- **TASK GOAL**: Return exactly, please, the lines from the one containing "- 10 ounces" to the last line of the entries below, and nothing else, leaving pictures out.

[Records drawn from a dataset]
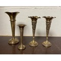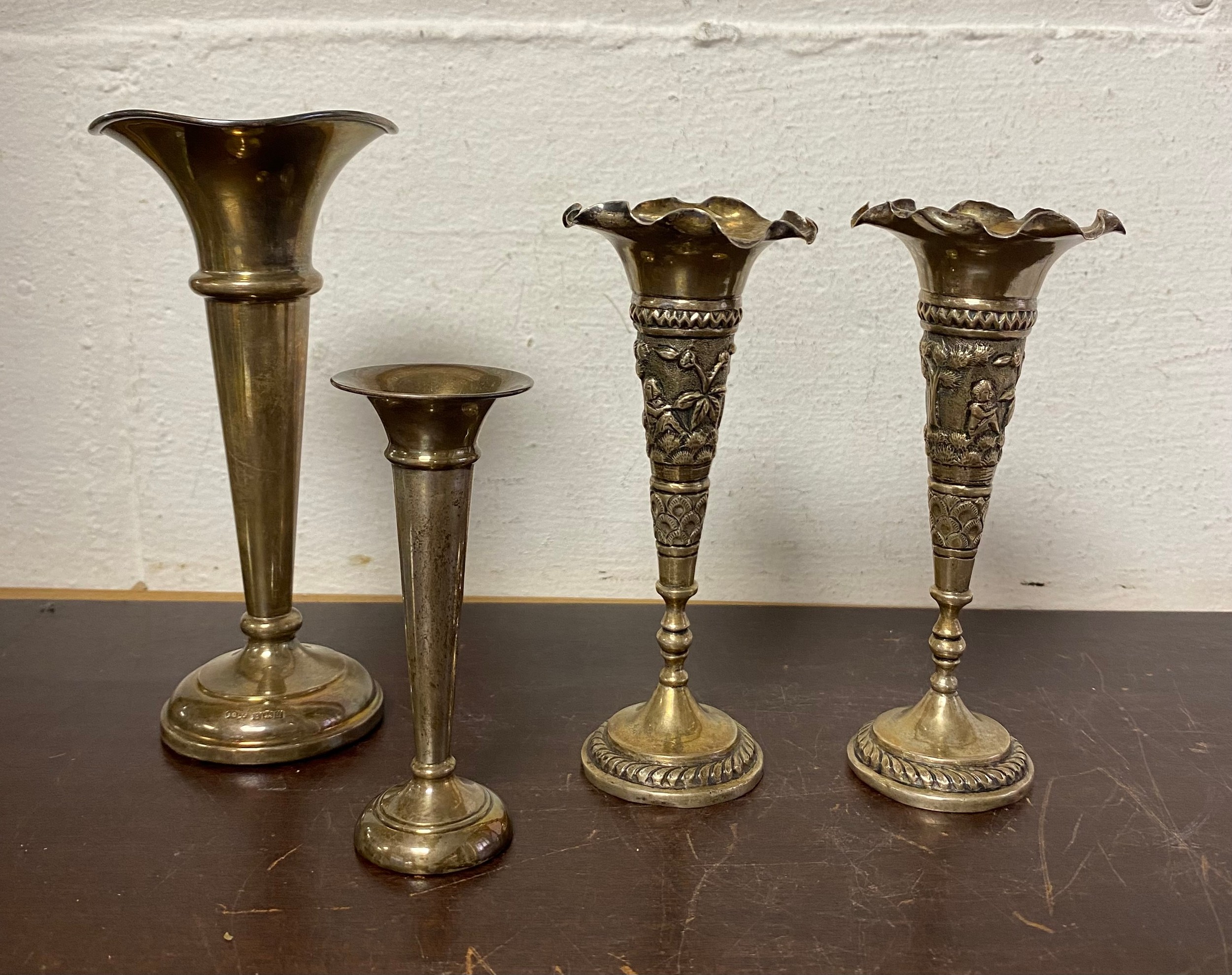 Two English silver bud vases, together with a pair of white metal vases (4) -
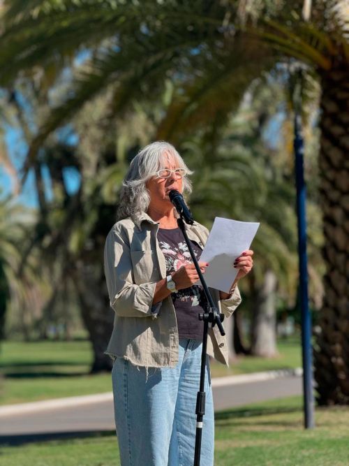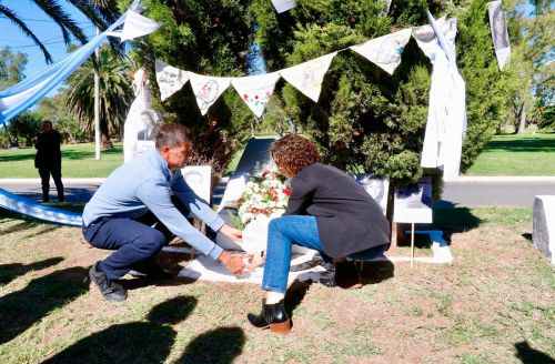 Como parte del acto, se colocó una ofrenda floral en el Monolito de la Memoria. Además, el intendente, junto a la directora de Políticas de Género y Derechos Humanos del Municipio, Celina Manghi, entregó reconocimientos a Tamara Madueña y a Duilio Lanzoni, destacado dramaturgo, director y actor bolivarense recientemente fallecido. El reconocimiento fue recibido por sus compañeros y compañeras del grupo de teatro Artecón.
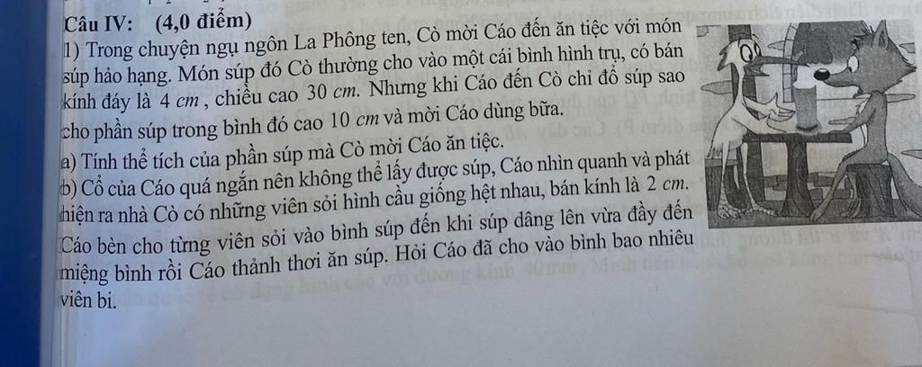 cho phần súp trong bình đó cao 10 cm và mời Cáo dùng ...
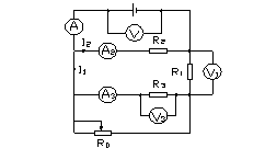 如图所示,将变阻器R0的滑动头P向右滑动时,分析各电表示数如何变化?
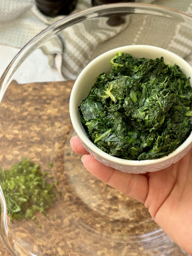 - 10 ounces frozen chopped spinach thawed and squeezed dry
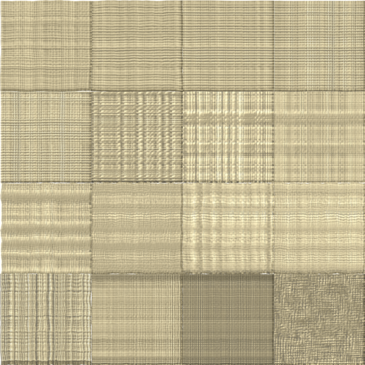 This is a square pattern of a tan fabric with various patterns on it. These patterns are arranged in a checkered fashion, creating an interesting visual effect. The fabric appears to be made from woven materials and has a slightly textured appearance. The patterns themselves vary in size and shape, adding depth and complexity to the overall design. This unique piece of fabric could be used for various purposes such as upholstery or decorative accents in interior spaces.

- **WRITTEN ANSWER**:
 - 10 ounces frozen chopped spinach thawed and squeezed dry
 This is a square pattern of a tan fabric with various patterns on it. These patterns are arranged in a checkered fashion, creating an interesting visual effect. The fabric appears to be made from woven materials and has a slightly textured appearance. The patterns themselves vary in size and shape, adding depth and complexity to the overall design. This unique piece of fabric could be used for various purposes such as upholstery or decorative accents in interior spaces.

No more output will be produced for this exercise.